There is also a second and generally unknown reason why the electricity and gas industries are ready to embrace change. Put simply, low carbon energy supply, especially via electricity, holds many of the answers to how the world reduces its emissions without reducing the lifestyles of citizens in developed countries, while massively improving the welfare of millions of people in the least developed nations.

Transportation will increasingly rely on electricity. Space heating and cooling requirements will most efficiently be met by innovative electrical technologies.

In a bigger Australia our drinking water supply will need supplementation from desalination plants; a new electricity consumer.

The fuels for creating this lower-emission electricity will be renewable, natural gas, and in the longer term coal with carbon capture and storage.

It is clearly in the medium to long-term interest of the energy supply industry to move to lowering its emissions. But to do this, there must be appropriate government policy in place.

The government’s Carbon Pollution Reduction Scheme had the potential to meet this requirement but failed to deliver a sensible transition path for Australia’s electricity industry.

Put simply, its effect was to harshly penalise the very companies that have delivered energy advantage to Australians for decades and who have the expertise, networks and business models to deliver the next generation of energy systems.

It sent shudders through the global debt and equity providers on which the sector relies for finance. They now view Australia as a risky location for electricity investment. The CPRS as a result is unacceptable to the electricity industry. The next policy has to redress these failings.

The government’s announcement that the CPRS is on ice until the end of 2012 is potentially good news, but only if Australia’s main political parties take the opportunity provided by the delay to work with industry to agree and legislate a stable and enduring greenhouse policy.

There is much at stake. Generation capacity at June 2009 was almost 51,000 megawatts and by 2020 we will need about 65,000 MW.

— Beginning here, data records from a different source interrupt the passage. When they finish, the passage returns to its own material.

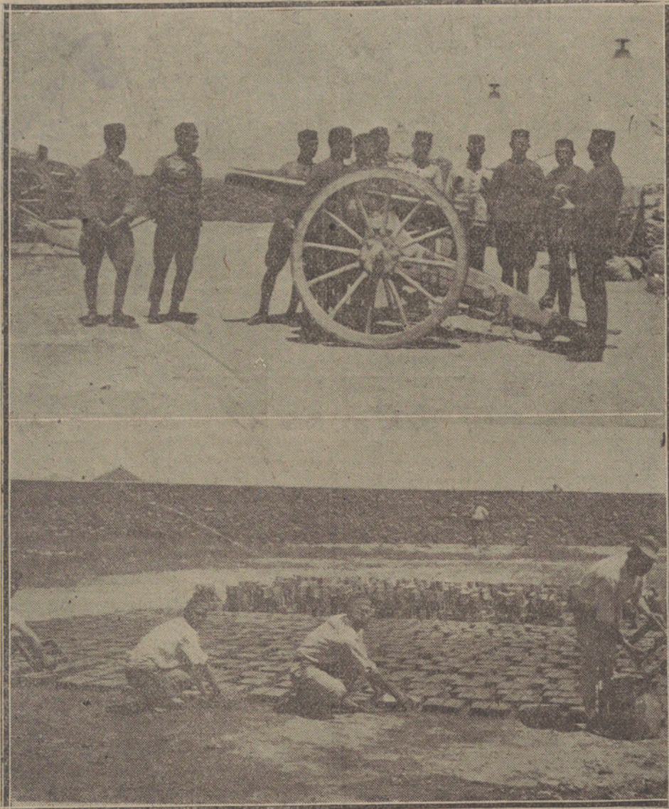
MELILLA.—Campamento del zoco Tlatsa. (1) Un teniente de Artillería instruyendo a los artilleros para la defensa del campamento.—(2) Soldados del 68 de línea construyendo adobes para reforzar los parapetos.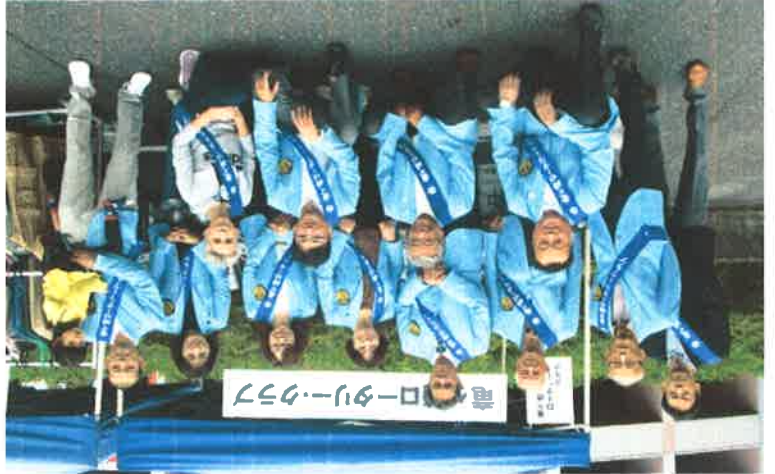
10/20(日)「ふれ愛広場/サー」於：龍ヶ崎文化会館前駐車場

60周年記念事業ではないので、実行委員会から外し、予算も含めて地区関係だけで進めたいと思います。 石碑に彫る会員の名前については、地区大会当時(2016年6月30日現在)に在籍していた会員の名前を彫 るようにしたいと思っておりますので、皆様にご了解を頂けますよう直し<お願いいたします。 設置時期としては、来年の4月～6月くらいと考えております。何卒ご協力の程を直し<お願いいたし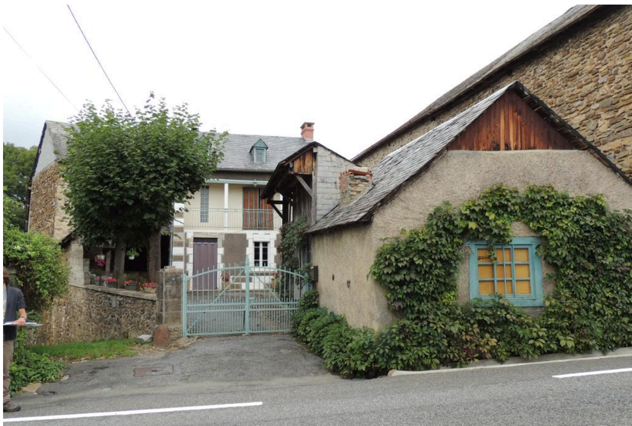
Vue prise du sud-est.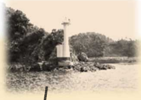
三角港荷島灯台 (みすみこうにいじま) 昭和37年12月8日 初点 白色 塔型 コンクリート造 地上から頂部まで9.3m 平均水面上から灯火まで12.0m 群閃白光 毎6秒に2閃光 光達距離3.5海里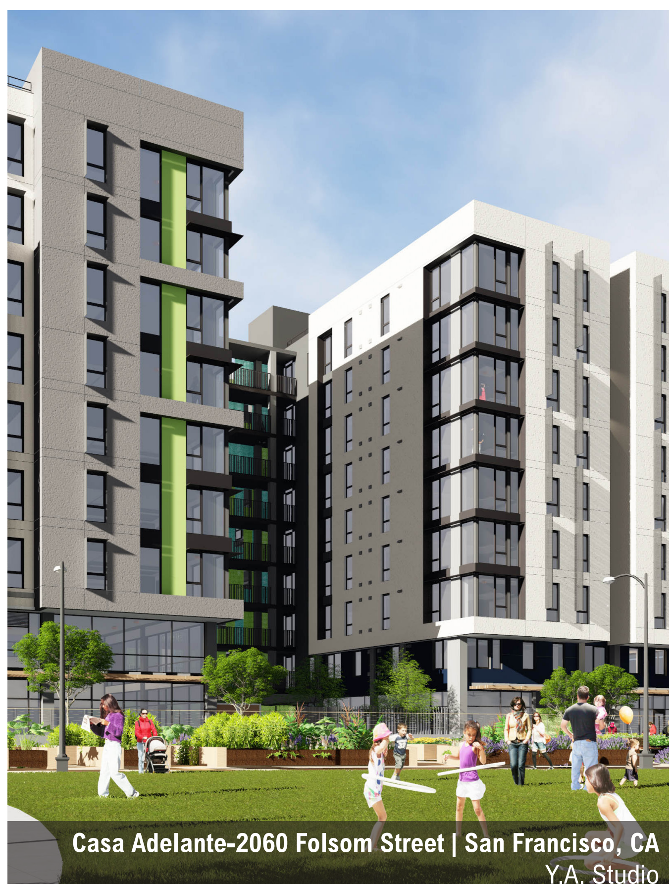
Casa Adelante-2060 Folsom Street | San Francisco, CA Y.A. Studio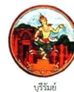
บุรีรัมย์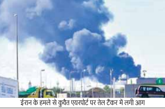
ईरान के हमले से कुवैत एयरपोर्ट पर तेल टैंकर में लगी आग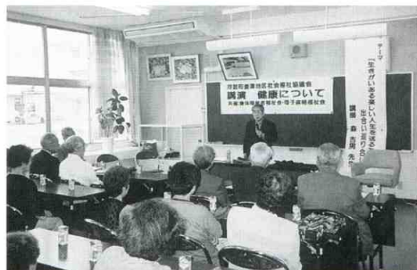
「健康について」講演会事業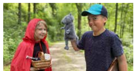
Verschiedene spannende Angebote rund um Märchen erwarten die Kinder.

Der märchenhafte Sommer findet seinen literarischen Höhepunkt am Freitag, 24. Oktober, wenn die Bibliothek zum großen Märchenvorlesetag lädt. Und auch im Herbst geht das Projekt weiter: Gemeinsam mit den Aiserkids organisiert die Bibliothek eine Märchenwanderung durch Schwertberg. Natur, Geschichten und Gemeinschaft verschmelzen zu einem besonderen Erlebnis. Ergänzend dazu bietet die Bibliothek laufend neue Medien rund ums Märchen an.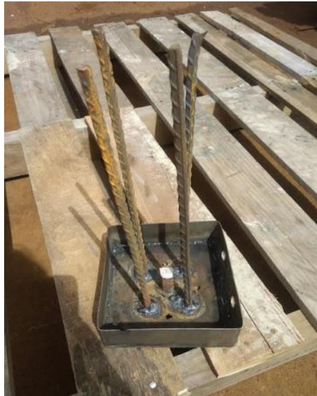
Gambar rajah 2: Contoh barangan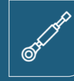
Gazlı Amortisörler Gas Springs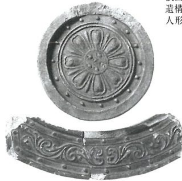
平安宮の屋根を美しく飾る瓦 重要文化財 平安宮豊楽殿跡出土品 緑釉軒瓦(京都市)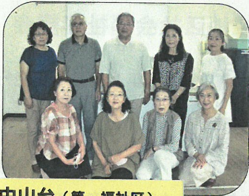
中山台（第一福社区）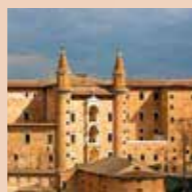
Palazzo Ducale in Urbino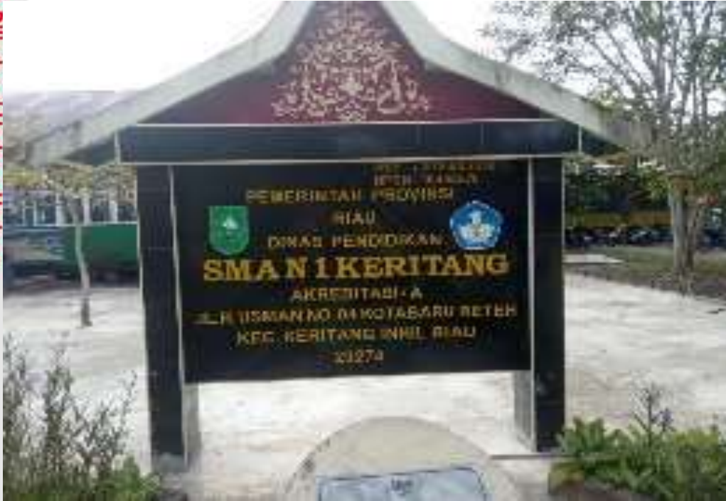
PAPAN NAMA SEKOLAH MENENGAH ATAS NGERI 1 KERITANG KECAMATAN KERITANG

Hak Cipta Milik STAI Auliaurasyidin Tembilahan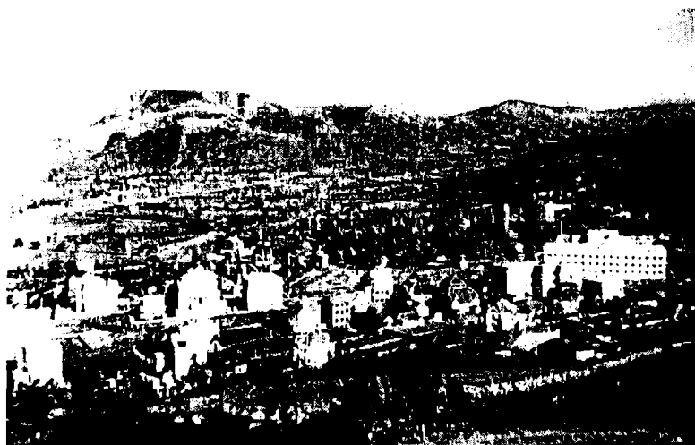
Сл. 1. – Просторни изглед новог дела Нишке Бање у међуратном периоду (снимио непознати аутор, 1938)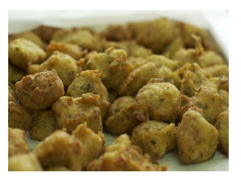
フィッシュケーキ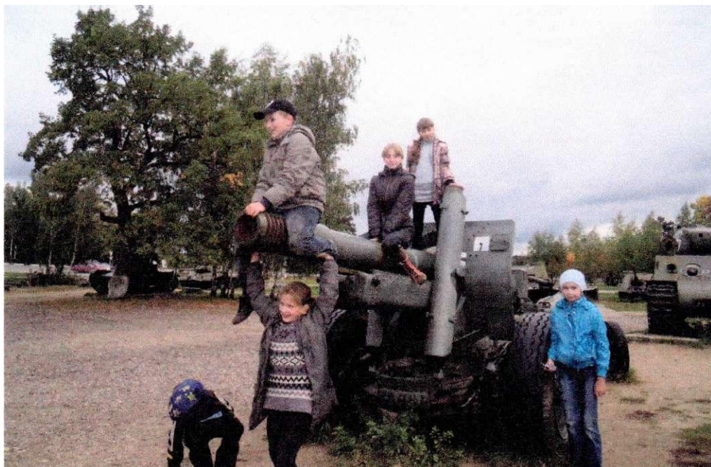
Тяжёлая советская пушка участвовавшая в обороне Москвы в 1941г.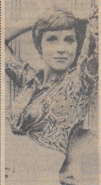
Julie Andrews należy do najznakomitszych gwiazd komedii muzycznych na Broadwayu...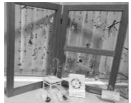
↑ サンキャッチャー & アクセサリー作り

実演ステージでは、フラダンス・ヒップホップ・オカリナ・ギターなどの色々な発表があり、会場を盛り上げていました。子どもたちの発表では、客席にいる保護者の方々から我が子を見守る思いが伝わってきました。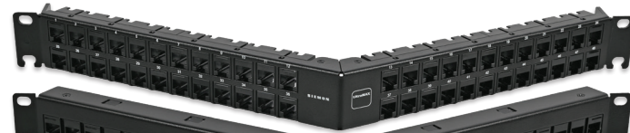
1U, 48 Puertos, Panel Angulado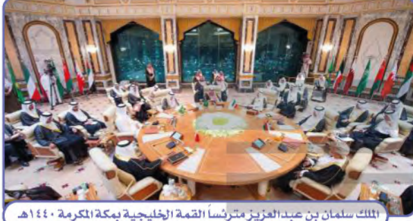
الملك سلمان بن عبدالعزيز مترئساً القمة الخليجية بمكة المكرمة ١٤٤٠هـ.

اتخذ خادم الحرمين الشريفين الملك سلمان بن عبدالعزيز العديد من القرارات لدعم الدول العربية ومساندة قضاياها؛ للمحافظة على النظام الإقليمي العربي، وتطوير الجامعة العربية بوصف المملكة العربية السعودية المحور الأساس للعرب.

Previous analysis by the industry shows more than $100 billion in new investment will be needed by then to meet load growth, the 20 per cent renewable energy target, network development and a 5 per cent emission reduction target. And this is to come from an industry that today employs assets worth $120 billion.

It is a mammoth task.

Without an enduring carbon policy to guide investment decisions, energy businesses will defer new generation investment decisions for as long as possible, inevitably allowing the supply-demand balance to reach very tight outcomes, with resulting high prices and narrow margins for error when demand is high, such as on hot days.

And new generating plants do not magically appear overnight. Large power plants take between five and seven years to plan and construct if everything runs on schedule.

Some commentators interpret this tightening of supply as a sign Australia will run out of electricity if a carbon policy is not settled. However, almost certainly the lights will stay on, as new just-in-time, mainly gas-fired generating plant is built and with the help of inter-connectors that allow electricity to flow between the states.

But without a stable and sensible greenhouse policy this electricity will almost certainly be more expensive than it should be.

We have recently witnessed first-hand what happens when policy is poorly designed and deployed. The capital strike in the large-scale renewable generation sector graphically demonstrated that when policy is uncertain, investors stay away. As Australia’s electricity demand-supply balance tightens, it is imperative we have a stable and well-designed regime in place by 2012-13 at the latest to allow good investment decisions to be made.

Time is of the essence: the Prime Minister’s decision has brought into sharp focus the urgent need for Australia to secure bipartisan agreement on greenhouse policy and offers both sides of politics a rare opportunity.

Grasped, this opportunity will allow our government and the alternative government to put the interests of Australia and the interests of ensuring a reliable and least-cost energy supply first.